2 of 2 people found the following review helpful:
4.0 out of 5 stars
A Commando comic without the pictures, July 17, 2011
This review is from: Blood of Honour (Jack Tanner 3) (Hardcover)
Billed as "Sharpe for WWII meets Commando comics" that description is completely correct. This is the third in the Jack Tanner series, and really its more of the same: if you liked the previous two books (The Odin Mission and Darkest Hour) then you'll like this. If military fiction is not your thing, then you won't - there is not a lot of gripping characterisation going on here, more struggle for survival with extra explosives.

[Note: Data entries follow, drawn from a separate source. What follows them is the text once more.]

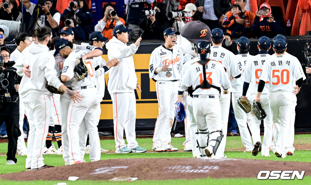 경기를 마치고 승리한 한화 코칭스태프 및 선수들이 기뻐하고 있다. 2025.10.24 / dreamer@osen.co.kr
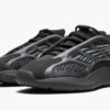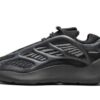 The adidas Yeezy 700 V3 ‘Dark Glow’ is a mostly monochromatic black colorway of the evolutionary shoe by Kanye West and adidas that was released in August 2021. Included in West’s Yeezy Day celebration, the ‘Dark Glow’ is similar to the ‘Alvah’ colorway that adidas debuted in April 2020, save for the newly implemented glow-in-the-dark RPU overlays layered over the ‘Dark Glow’s’ black Primeknit base. Contrasting grey monofilament stripes appear on both sides of the knit upper. Underfoot, adidas replaces the Boost cushioning found in many 700 styles for a lightweight EVA foam composition. Release date: August 2, 2021
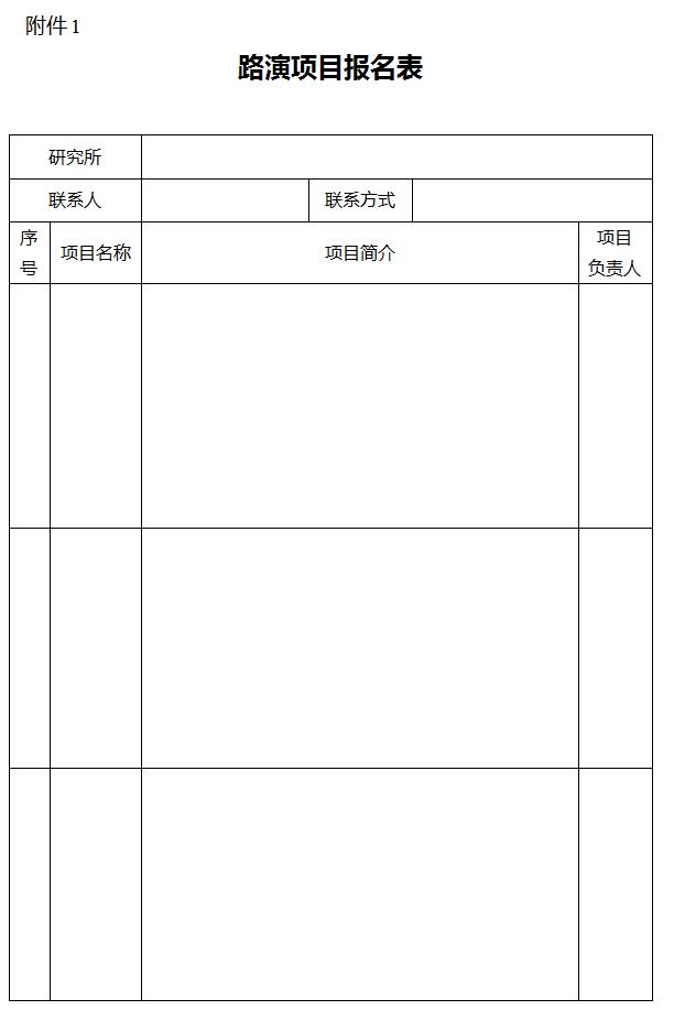 项目路演将以总院技术转移部主办、各专业研究所轮流承办的方式为主,原则上每月一期,每期组织相近领域的专业研究所承办,遴选4-6个技术项目,邀请创投机构和企业参加。请各专业研究所遴选2-3个技术项目,并于2015年12月25日前将路演项目报送至总院技术转移部。总院技术转移部将进行统筹安排,根据技术涉及的领域安排场次和路演时间,在与各专业研究所充分协商后,确定各期负责承办的研究所及主要路演项目。

Blood of Honour is the 1941 Battle of Crete, and is historically accurate in details large and small (as you'd expect from a historian who also writes novels). There is a short note at the end of the book about the real campaign and how it played out: it really is a bit of a mystery how Crete fell to the Nazis.
Tanner here is part of the British army dug in at Heraklion, fending off the assault by German paratroopers, while making friends and enemies (not necessarily in that order) with the locals and then retreating by RN Destroyer, pleasure yacht, foot and submarine. Holland does a good job of capturing the fatigue and disappointment of retreat after retreat for the British Army, but then again, you are never in any doubt about how it will all end: Tanner is never in any real danger, in the sense it is always clear he is our hero, for all he is drawn in the odd shade of grey.
I haven't read Sharpe (yet) so can't speak how it compares in a literary sense, but this is readable, accurate and, if you want suspense, why read military historical fiction at all - the result has generally been known for a fair while! Holland is probably a better historian than fictioneer, yet one can do worse than read Blood of Honour.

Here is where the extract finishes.